Purpose : To determine the capacity of novel anti-sense hairpin-DNA gold-nanoparticle conjugates (AS-ENG hAuNP) to image endoglin mRNA in hypoxic mouse retinal microvascular endothelial cells (MRMEC) and in mouse oxygen-induced retinopathy (OIR).

Methods : AS-ENG hAuNP and non-sense (NS)-ENG hAuNP were designed and synthesized by conjugating hairpin-DNA oligonucleotides (oligos) incorporating an anti-sense sequence complimentary to endoglin mRNA and that same sequence scrambled. These oligos were modified with a fluorophore reporter and conjugated to gold nanoparticles. Endoglin mRNA expression was induced in MRMECs by exposing them to hypoxia (0.1%O2, 5%CO2) in culture medium containing 2% FBS. Mouse OIR was performed according to a standard protocol. AS-ENG hAuNP and NS-ENG hAuNP were added to the culture medium of hypoxic or normoxic MRMECs, and OIR mice received intraperitoneal injections of these agents. Imaging of endoglin mRNA in MRMEC and in mouse OIR retina was performed using fluorescence microscopy. Fluorescence in situ hybridization was used as an alternative method to validate endoglin mRNA expression in mouse OIR retinas.
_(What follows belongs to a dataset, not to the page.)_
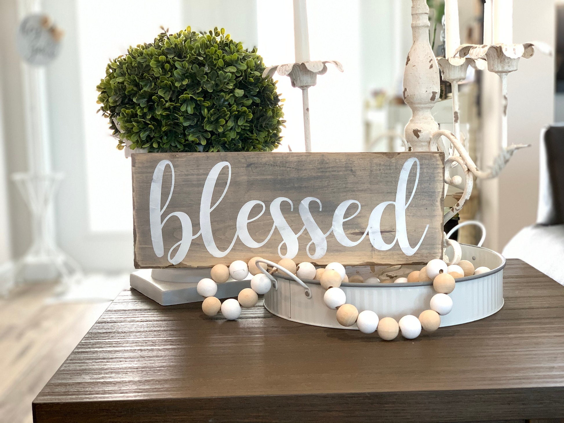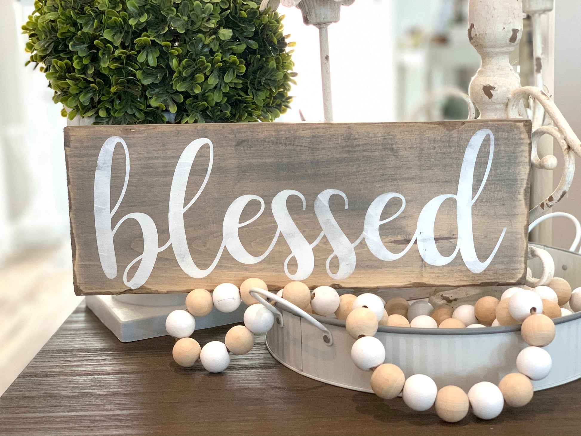 This is a handmade rustic wood sign with the word "BLESSED" painted on it. It measures 15" x 5.5" x .75"

Results : Enhancement of AS-ENG hAuNP-dependent fluorescence was clearly visualized in hypoxic MRMEC and in the OIR retina, demonstrating a high signal to noise ratio. As expected, NS-ENG hAuNP yielded no response in either setting. The fluorescence spatially overlapped with pathologic neovascular tufts in retinas from OIR mice, indicating abundant endoglin mRNA expression in these structures. hAuNP were not toxic to MRMECs as assessed by a live-dead assay. Fluorescence in situ hybridization confirmed the same endoglin mRNA expression patterns as those obtained using hAuNP. To the best of our knowledge, this is the first report demonstrating the application of AS-ENG hAuNP for imaging endoglin mRNA in pathologic retinal tissues.
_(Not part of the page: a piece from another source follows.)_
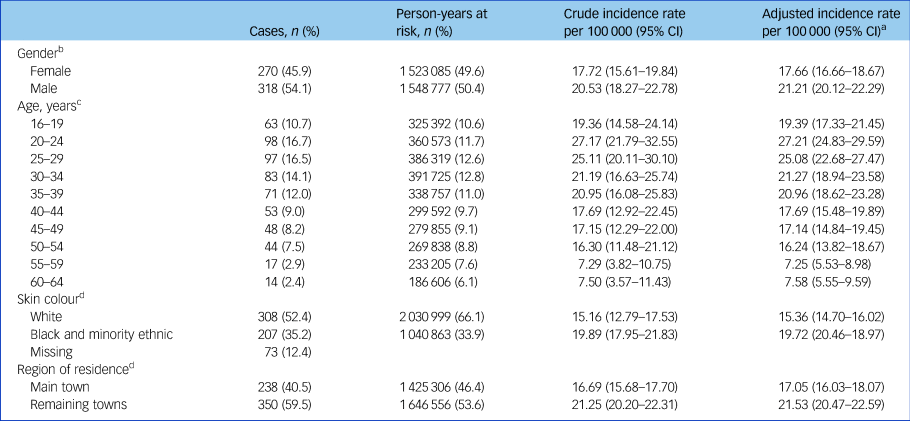 Table 2 Incident rates of first-episode psychosis in the Ribeirão Preto catchment area, Brazil, according to demographic features (per 100 000 habitants)

Conclusions : This study demonstrates the utility of AS-hAuNP, a new hybrid nanotechnology to image endoglin mRNA in mouse OIR. We propose that this method can be generally extended to image other mRNAs associated with ocular pathologies, allowing its application to predict morbidity, monitor disease progression and/or therapeutic response.

This is an abstract that was submitted for the 2018 ARVO Annual Meeting, held in Honolulu, Hawaii, April 29 - May 3, 2018.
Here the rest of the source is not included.